Here’s an explanation why the end of the year is just as meaningful as the new year in Japan — and why, perhaps, the period is often translated as the yearend holidays rather than the New Year’s holidays. It’s cultural. This is a thorough guide to the paegentry and rituals surrounding the expiration of one calendar and the beginning of another. Also find out what all those decorations are suddenly going on sale in every neighborhood and about to be adorning everything from doorways to fenders.

Hopping John started hundreds of years ago among slaves somewhere in the Caribbean, spread like wildfire to what is now the U.S. Deep South, mutating at every relay point but somehow managing to keep its distinctive flavor. Now Hopping John — a soup of black-eyed peas, pork and rice — is a New Year’s tradition for a passionate few who make it their first meal of the year in the hope it will bring them good luck over the following 364 days.

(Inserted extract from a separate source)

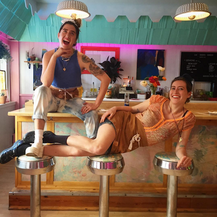 By Jamie LarsonLil’ Deb’s Oasis, in Hudson, New York, is a hard restaurant to define. And that’s enticing. Painted up like a tiki bar, yet still retaining the comfort of a local diner, Oasis feels fresh and relevant in a way you might intellectualize a modern art exhibit. And that’s intentional. Run for 20 years as Debbie’s Lil’ Restaurant, owner Debbie Fiero handed the keys to Hannah Black and Carla Perez-Gallardo, who splashed the walls with bright pastel pinks and greens and blues, draping the place in art and texture. “It’s an overall food experience,” says Black. “It’s an ever-evolving art installation platform. We are creating our own language.”

This URL brings you a story about how slaves were brought to the New World and how they were treated and fed, a story the author believes helps explain why the survivors of these journeys gained a taste for the dish.

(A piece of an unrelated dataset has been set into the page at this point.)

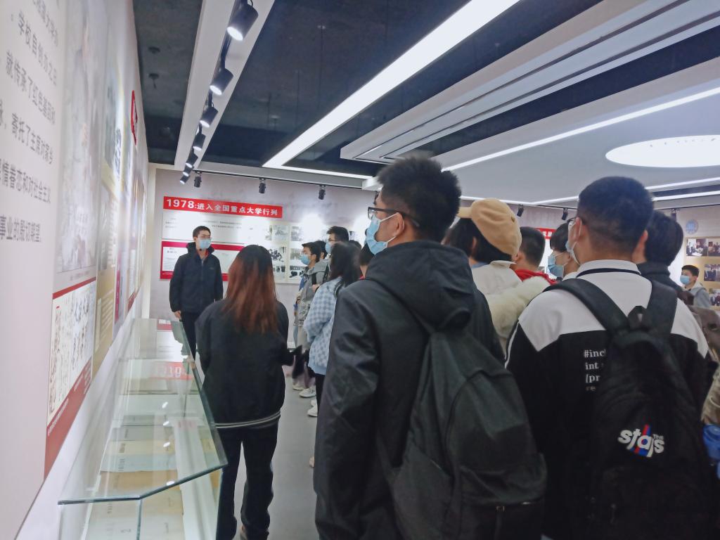 所有学员分为两队,在讲解员的带领下分别依次参观了校史馆的四个展厅。大家在第一展厅了解了爱漫岛

In Greece, the New Year is ushered in by serving vassilopitta, St. Basil’s cake. Included in the ingredients is a coin. Tradition has it that the head of the household “carves” the cake and serves it to friends and family just before midnight. Good fortune, the custom goes, guides the one who finds the coin through the coming year. As long as he doesn’t spend it. Or bite into it. The cake — more of a sweetbread with citrus subtleties — comes from a recipe of another time when people weren’t so impatient in the kitchen. One look at it will give you newfound respect for your Greek in-laws.

Now here’s a tradition. It’s called bleigiessen and it’s a kind of New Year’s fortunetelling. It might also be a kind of Rorschach test. All you need is a candle, a spoon, small pieces of lead and a bucket of cold water. The idea is to melt the lead in the spoon over the candle and then quickly pour the molten into the water. Your friends and family then examine the hardened lead — either the piece itself or the shadow it casts when held up to a light — until they “see” a shape. In Germany, kits come with a list of possible shapes and what they foretell for the coming year. But you can check out this site. And believe it or not, Germans are actually sober when they carry out this tradition. At least that’s what they say.

I know, I know. Chinese New Year’s isn’t until Jan. 24. I’m including this URL for those of you who couldn’t find any suitable lead pellets at Family Mart but still want your fortune told. Like the Germans, the Chinese also like to predict what the coming year might bring. Their divination tools — kua chime — are a bundle of sticks and they’re the oldest known form of fortunetelling in the world. Here’s a virtual adaptation anyone can try.

If I’ve missed a few cultures, I apologize and ask the offended to surf on over to New Year’s Day, which explains ancient traditions, modern traditions, religious traditions, Celtic traditions, Western traditions, Asian traditions — every tradition that has sprung out of New Year’s. And although the entries are all insightful, they’re also concise. They go down like a piece of St. Basil’s cake.